[DATA FOR REVIEW — start]

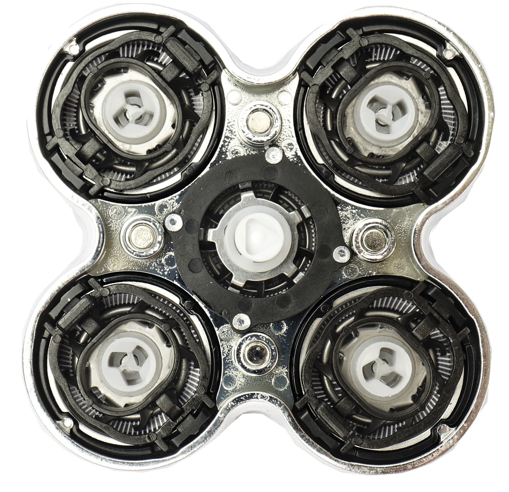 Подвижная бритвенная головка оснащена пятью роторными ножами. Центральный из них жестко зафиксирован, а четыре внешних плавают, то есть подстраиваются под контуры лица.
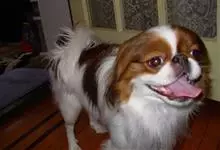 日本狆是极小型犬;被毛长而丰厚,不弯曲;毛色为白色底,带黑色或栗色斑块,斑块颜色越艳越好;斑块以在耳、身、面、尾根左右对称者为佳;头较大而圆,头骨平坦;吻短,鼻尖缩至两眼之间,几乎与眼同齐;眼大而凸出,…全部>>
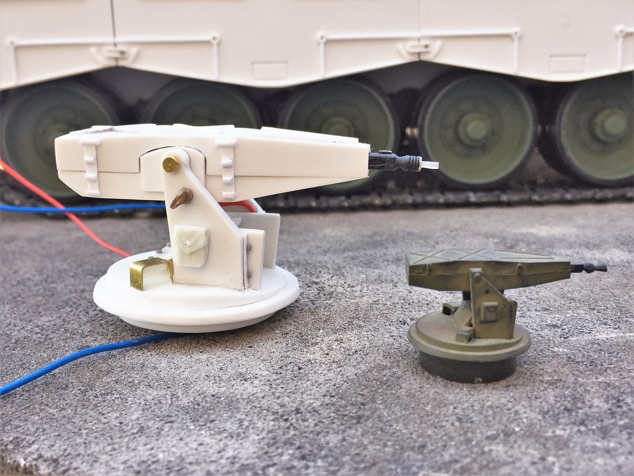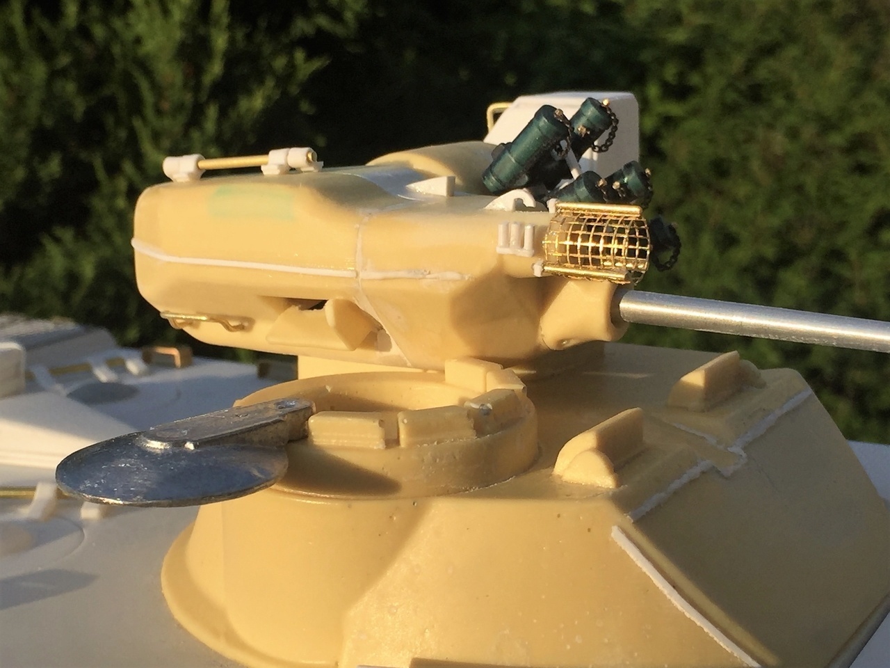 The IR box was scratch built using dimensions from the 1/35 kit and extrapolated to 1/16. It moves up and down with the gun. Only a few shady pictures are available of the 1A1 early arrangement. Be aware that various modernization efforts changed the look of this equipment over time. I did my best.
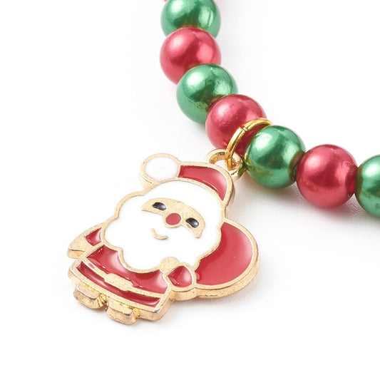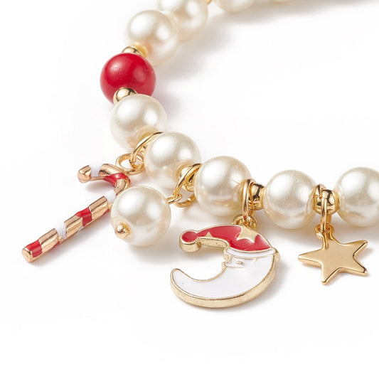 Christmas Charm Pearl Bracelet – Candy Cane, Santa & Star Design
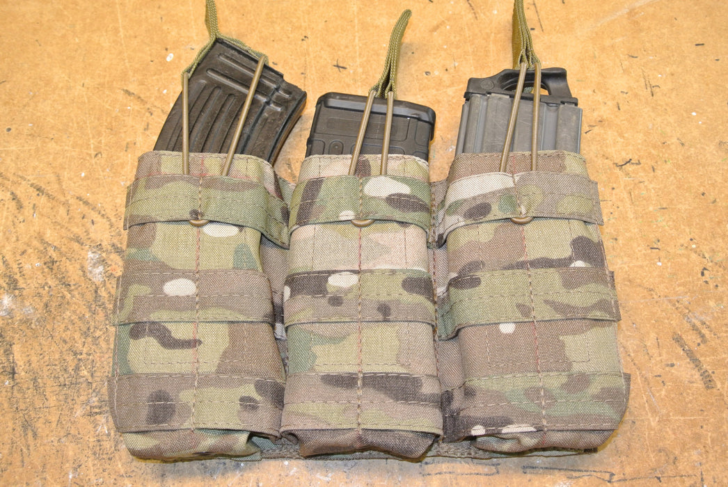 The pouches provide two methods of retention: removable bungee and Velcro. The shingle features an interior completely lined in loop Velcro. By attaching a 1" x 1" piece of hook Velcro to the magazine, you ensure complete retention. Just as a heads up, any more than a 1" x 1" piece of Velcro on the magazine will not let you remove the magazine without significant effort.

[DATA FOR REVIEW — finish]

PROBLEM
Begin at the line containing "Christmas Charm Pearl" and transcribe exactly every line through the end of the records, both ends included, leaving the pictures out.

REPLY
 Christmas Charm Pearl Bracelet – Candy Cane, Santa & Star Design
 The pouches provide two methods of retention: removable bungee and Velcro. The shingle features an interior completely lined in loop Velcro. By attaching a 1" x 1" piece of hook Velcro to the magazine, you ensure complete retention. Just as a heads up, any more than a 1" x 1" piece of Velcro on the magazine will not let you remove the magazine without significant effort.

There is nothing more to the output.